En 2018, plus de 2 millions de téléphones «intelligents» reconditionnés se sont vendus en France. Porté par des startup, ce changement de mode de consommation oblige tous les professionnels du secteur à s’adapter.
Ecran pliable, smartphone 5G, batterie ultralongue durée, déverrouillage par reconnaissance faciale… La grand-messe de la téléphonie, le Mobile World Congress, qui se tient jusqu’au 28 février à Barcelone, regorge d’innovations toutes plus spectaculaires. Pas de quoi émoustiller Albert Kohsok, 82 ans. «A mon âge, je n’ai pas besoin d’avoir un smartphone
avec les fonctionnalités dernier cri», témoigne-t-il. «Je veux simplement pouvoir envoyer des mails, prendre des photos et faire des recherches sur Internet. Point.» Pour accéder à un bon produit à un prix raisonnable, le retraité niçois a sa botte secrète. Depuis cinq ans, il n’achète plus que des téléphones d’occasion dits reconditionnés. Il s’agit soit de modèles d’exposition, soit d’équipements déjà utilisés qui sont récupérés, contrôlés et si besoin, réparés avant d’être revendus avec une ristourne et souvent une garantie. «Je n’ai jamais été déçu, assure M. Kohsok. Sur les grandes places de marché comme Cdiscount ou Back Market, les produits sont bien emballés, tous les accessoires sont fournis. On a vraiment l’impression d’acheter du neuf!»
D’après les estimations du cabinet Counterpoint Research, 140 millions de smartphones de ce type ont ainsi été écoulés en 2017 dans le monde, soit une croissance de 13 % en un an. Le marché français suit la même tendance. Alors que, selon l’institut d’études GfK, le marché du neuf a baissé de 6,5 % en 2018, le reconditionné, lui, a progressé de 7 %, pour atteindre les 2,1 millions d’unités vendues. Ce n’est qu’un début. Avec
l’entrée en vigueur d’un indice de réparabilité qui accompagnera tous les produits électroniques et électroménagers à partir de 2020, le phénomène devrait encore s’accentuer dans les années à venir. Selon une étude
publiée lundi 25 février par Recommerce, en partenariat avec Kantar, 60%des Français se disent d’ores et déjà intéressés par l’achat d’un smartphone reconditionné chez un professionnel. Des fabricants aux distributeurs en passant par les opérateurs, toute la filière est donc sur les rangs.

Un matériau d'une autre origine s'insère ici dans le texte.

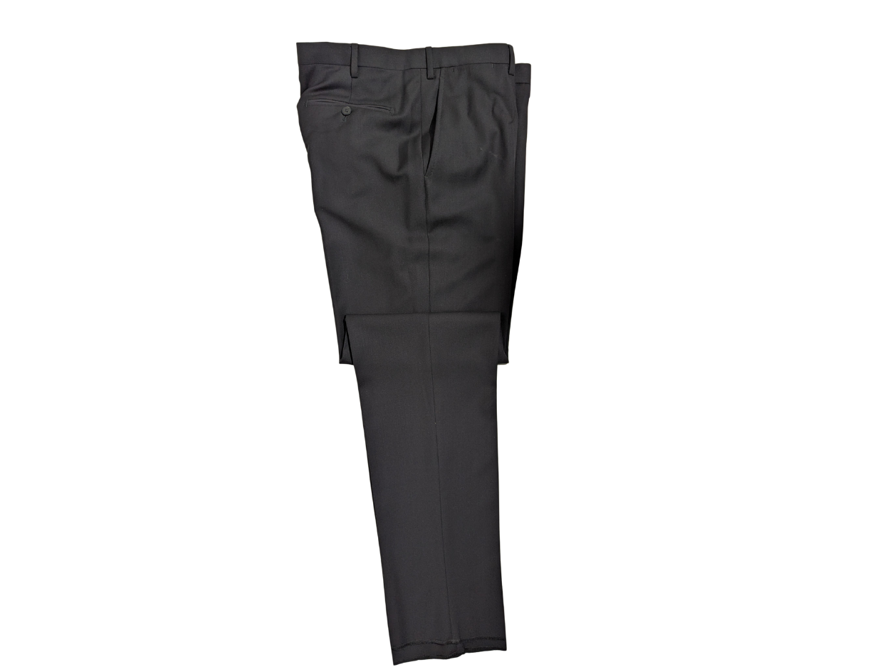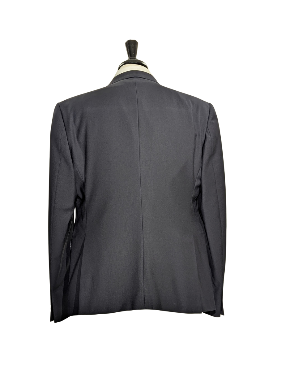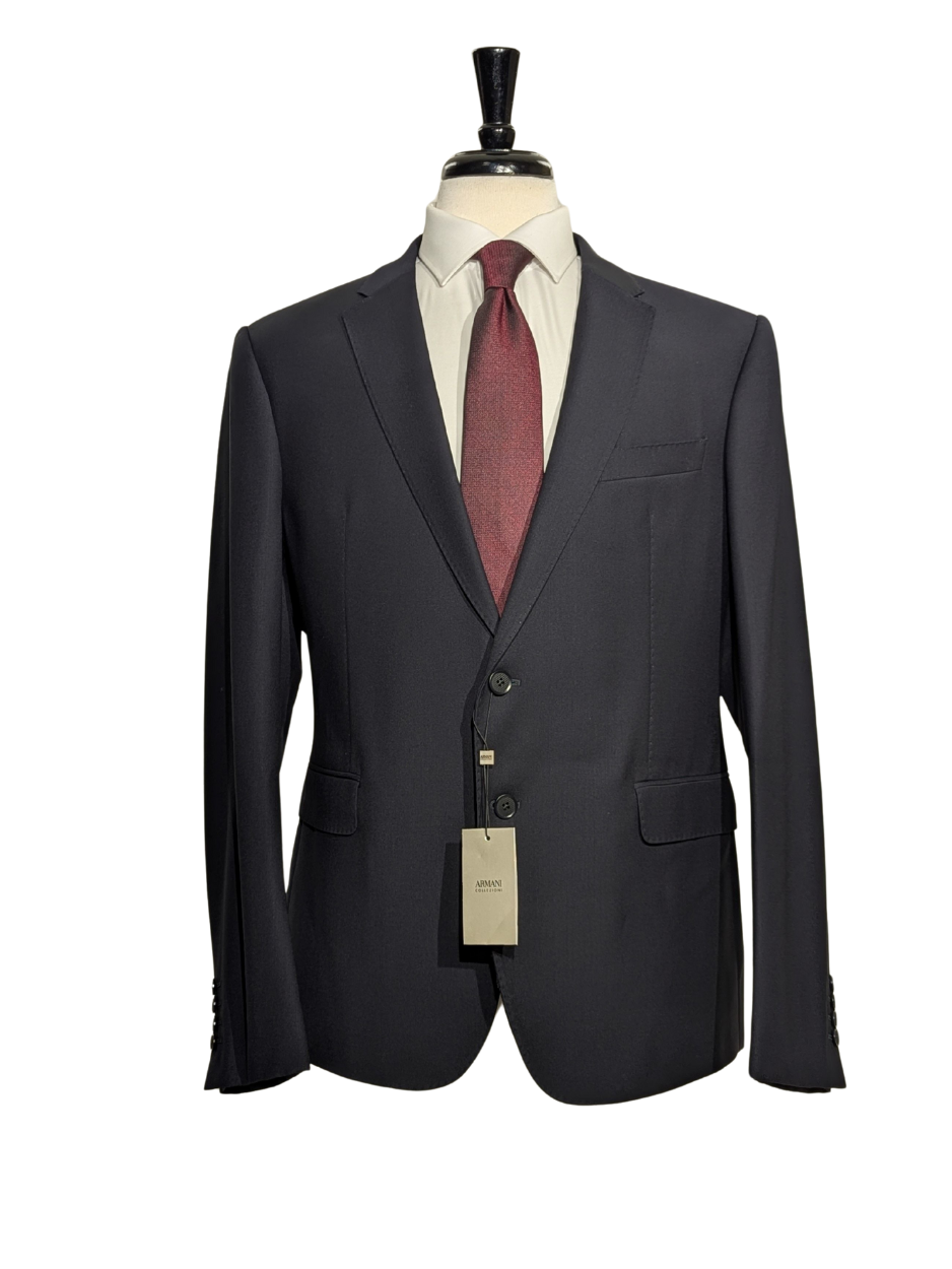 Elevate your formalwear with this impeccably tailored Armani Collezioni solid black suit, crafted from a luxurious wool for a refined texture and soft drape. The jacket is styled with a notch lapel, a 2-button front closure, and dual rear vents. Ideal for business professionals, weddings, and upscale events.

Dans le local de 01 Repair, perché au 4e étage d’un immeuble en verre, au cœur du quartier chinois à Aubervilliers (SeineSaintDenis), quatre techniciens portant des gants en latex sont attablés devant des écrans d’ordinateur allumés, tournevis à la main. A leurs pieds, des caissettes remplies de smartphones usagés sous plastique. Sur les étagères derrière eux, des lots de batteries, de circuits imprimés, de faces arrière et d’écrans neufs attendent sagement preneur dans des caissettes orange numérotées. «Quand un téléphone rentre chez nous, on le répertorie dans notre logiciel, on procède à un diagnostic, on le répare, on le contrôle et on le met en stock pour la revente, explique le gérant, Saïd Benramdane. La réparation et la seconde main, ça a toujours existé dans le domaine du téléphone, sauf que c’était un marché de niche… » Qui se démocratise à grande vitesse.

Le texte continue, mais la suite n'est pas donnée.